◆ Task to carry out: Return, exactly as written, the line containing "Во время церемонии" and every line after it to the end of the records below, with no pictures.

Data entries
*****

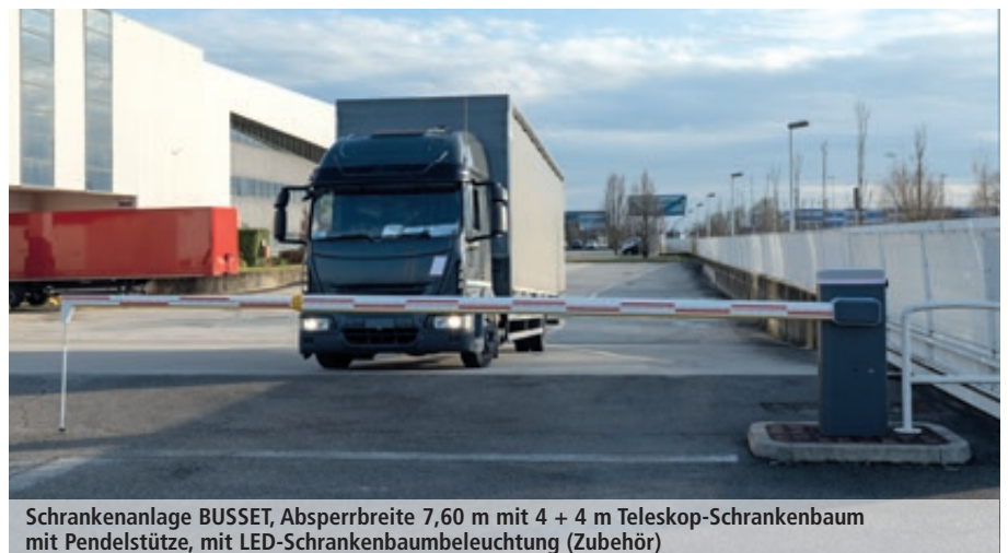
Schrankenanlage BUSSET, Absperrbreite 7,60 m mit 4 + 4 m Teleskop-Schrankenbaum mit Pendelstütze, mit LED-Schrankenbaumbeleuchtung (Zubehör)
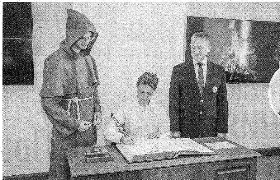
Во время церемонии внесения памятной записи в почетную книгу.
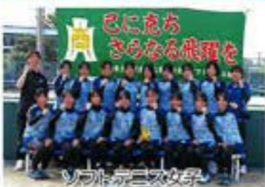
ソフトテニス女子
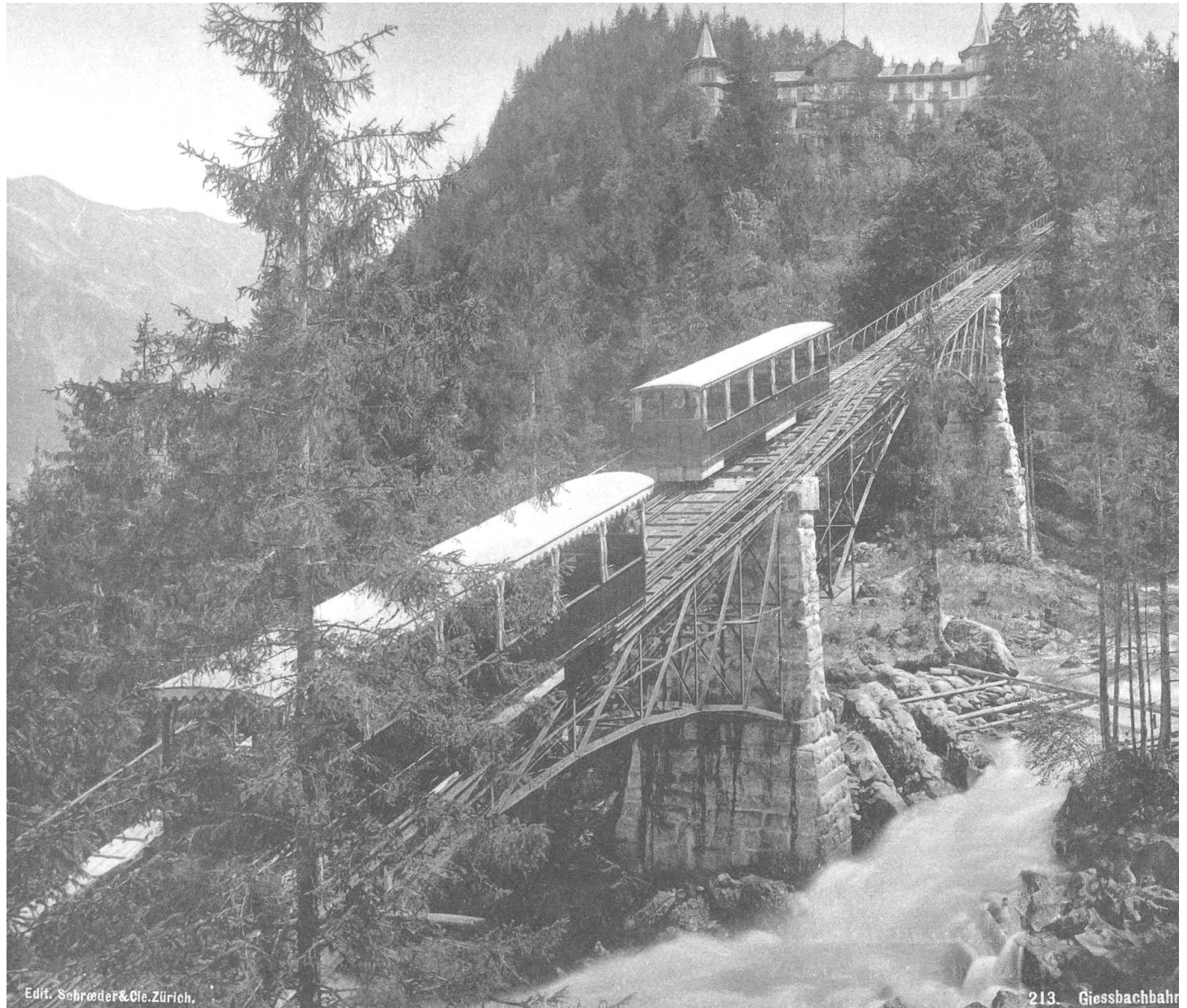
Brienz, Grandhotel Giessbach. Die Giessbachbahn verband als erste Hotelbahn der Schweiz seit 1879 die Schiffsstation mit der Hotelanlage. Foto um 1890 mit den beiden sich auf der automatischen Ausweiche kreuzenden Wagen. Im Hintergrund ist das nach dem Brand 1883 durch den Architekten Horace Edouard Davinet wieder aufgebaute Hotelgebäude sichtbar.
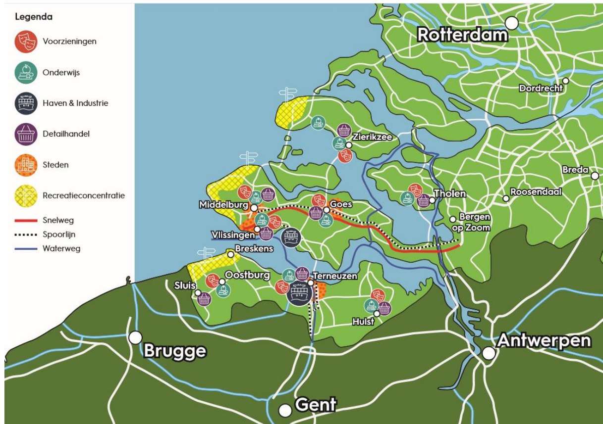
Figuur 1. Locatie kernen, voorzieningen, industrie, onderwijs en recreatie in Zeeland.

Figuur 1 laat in één oogopslag de locatie zien van huidige sociaaleconomische structuur, zoals kernen, voorzieningen, industrie, onderwijs en recreatie.
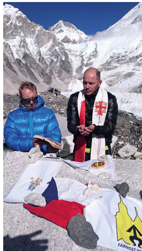
MŠE. Everest Base Camp, 5364m nad mořem.

centra, by byla na místě. V Kunčičkách to totiž žije.

*****

◆ Written solution:
Во время церемонии внесения памятной записи в почетную книгу.
ソフトテニス女子
Brienz, Grandhotel Giessbach. Die Giessbachbahn verband als erste Hotelbahn der Schweiz seit 1879 die Schiffsstation mit der Hotelanlage. Foto um 1890 mit den beiden sich auf der automatischen Ausweiche kreuzenden Wagen. Im Hintergrund ist das nach dem Brand 1883 durch den Architekten Horace Edouard Davinet wieder aufgebaute Hotelgebäude sichtbar.
Figuur 1. Locatie kernen, voorzieningen, industrie, onderwijs en recreatie in Zeeland.

Figuur 1 laat in één oogopslag de locatie zien van huidige sociaaleconomische structuur, zoals kernen, voorzieningen, industrie, onderwijs en recreatie.
MŠE. Everest Base Camp, 5364m nad mořem.

centra, by byla na místě. V Kunčičkách to totiž žije.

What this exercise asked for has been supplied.